Your goal
The entries need to be copied exactly.

Extracted data
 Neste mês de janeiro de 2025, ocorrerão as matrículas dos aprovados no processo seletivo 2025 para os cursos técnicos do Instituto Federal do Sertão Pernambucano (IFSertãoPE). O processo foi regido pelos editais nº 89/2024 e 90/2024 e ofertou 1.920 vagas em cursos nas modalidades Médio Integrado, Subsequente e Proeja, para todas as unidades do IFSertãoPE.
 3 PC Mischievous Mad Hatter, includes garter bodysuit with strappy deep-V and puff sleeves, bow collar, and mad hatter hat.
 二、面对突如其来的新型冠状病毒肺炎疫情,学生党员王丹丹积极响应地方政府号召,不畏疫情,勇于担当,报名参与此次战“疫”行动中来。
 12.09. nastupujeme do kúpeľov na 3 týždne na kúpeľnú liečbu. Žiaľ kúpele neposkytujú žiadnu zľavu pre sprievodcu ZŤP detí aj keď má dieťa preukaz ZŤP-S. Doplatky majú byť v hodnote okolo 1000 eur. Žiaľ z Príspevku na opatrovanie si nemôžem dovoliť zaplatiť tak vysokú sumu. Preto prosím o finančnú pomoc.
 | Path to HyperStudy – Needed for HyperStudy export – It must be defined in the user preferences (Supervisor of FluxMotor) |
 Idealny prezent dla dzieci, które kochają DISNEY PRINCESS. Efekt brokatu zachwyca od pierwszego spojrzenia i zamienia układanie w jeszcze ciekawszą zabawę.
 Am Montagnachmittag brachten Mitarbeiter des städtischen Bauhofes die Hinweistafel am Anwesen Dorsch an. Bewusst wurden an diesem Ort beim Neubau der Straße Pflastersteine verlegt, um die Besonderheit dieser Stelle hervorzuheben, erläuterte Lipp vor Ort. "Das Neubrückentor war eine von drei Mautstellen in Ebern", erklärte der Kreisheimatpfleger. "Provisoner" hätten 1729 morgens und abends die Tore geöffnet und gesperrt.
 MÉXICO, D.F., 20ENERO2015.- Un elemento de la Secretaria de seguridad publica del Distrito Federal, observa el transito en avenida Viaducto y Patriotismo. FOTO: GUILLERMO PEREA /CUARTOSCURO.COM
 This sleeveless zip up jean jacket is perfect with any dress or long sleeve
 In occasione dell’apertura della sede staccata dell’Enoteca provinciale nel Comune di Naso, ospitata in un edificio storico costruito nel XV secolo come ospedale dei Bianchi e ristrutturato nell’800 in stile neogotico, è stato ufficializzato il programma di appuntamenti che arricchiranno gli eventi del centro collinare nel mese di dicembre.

Completed task
 Neste mês de janeiro de 2025, ocorrerão as matrículas dos aprovados no processo seletivo 2025 para os cursos técnicos do Instituto Federal do Sertão Pernambucano (IFSertãoPE). O processo foi regido pelos editais nº 89/2024 e 90/2024 e ofertou 1.920 vagas em cursos nas modalidades Médio Integrado, Subsequente e Proeja, para todas as unidades do IFSertãoPE.
 3 PC Mischievous Mad Hatter, includes garter bodysuit with strappy deep-V and puff sleeves, bow collar, and mad hatter hat.
 二、面对突如其来的新型冠状病毒肺炎疫情,学生党员王丹丹积极响应地方政府号召,不畏疫情,勇于担当,报名参与此次战“疫”行动中来。
 12.09. nastupujeme do kúpeľov na 3 týždne na kúpeľnú liečbu. Žiaľ kúpele neposkytujú žiadnu zľavu pre sprievodcu ZŤP detí aj keď má dieťa preukaz ZŤP-S. Doplatky majú byť v hodnote okolo 1000 eur. Žiaľ z Príspevku na opatrovanie si nemôžem dovoliť zaplatiť tak vysokú sumu. Preto prosím o finančnú pomoc.
 | Path to HyperStudy – Needed for HyperStudy export – It must be defined in the user preferences (Supervisor of FluxMotor) |
 Idealny prezent dla dzieci, które kochają DISNEY PRINCESS. Efekt brokatu zachwyca od pierwszego spojrzenia i zamienia układanie w jeszcze ciekawszą zabawę.
 Am Montagnachmittag brachten Mitarbeiter des städtischen Bauhofes die Hinweistafel am Anwesen Dorsch an. Bewusst wurden an diesem Ort beim Neubau der Straße Pflastersteine verlegt, um die Besonderheit dieser Stelle hervorzuheben, erläuterte Lipp vor Ort. "Das Neubrückentor war eine von drei Mautstellen in Ebern", erklärte der Kreisheimatpfleger. "Provisoner" hätten 1729 morgens und abends die Tore geöffnet und gesperrt.
 MÉXICO, D.F., 20ENERO2015.- Un elemento de la Secretaria de seguridad publica del Distrito Federal, observa el transito en avenida Viaducto y Patriotismo. FOTO: GUILLERMO PEREA /CUARTOSCURO.COM
 This sleeveless zip up jean jacket is perfect with any dress or long sleeve
 In occasione dell’apertura della sede staccata dell’Enoteca provinciale nel Comune di Naso, ospitata in un edificio storico costruito nel XV secolo come ospedale dei Bianchi e ristrutturato nell’800 in stile neogotico, è stato ufficializzato il programma di appuntamenti che arricchiranno gli eventi del centro collinare nel mese di dicembre.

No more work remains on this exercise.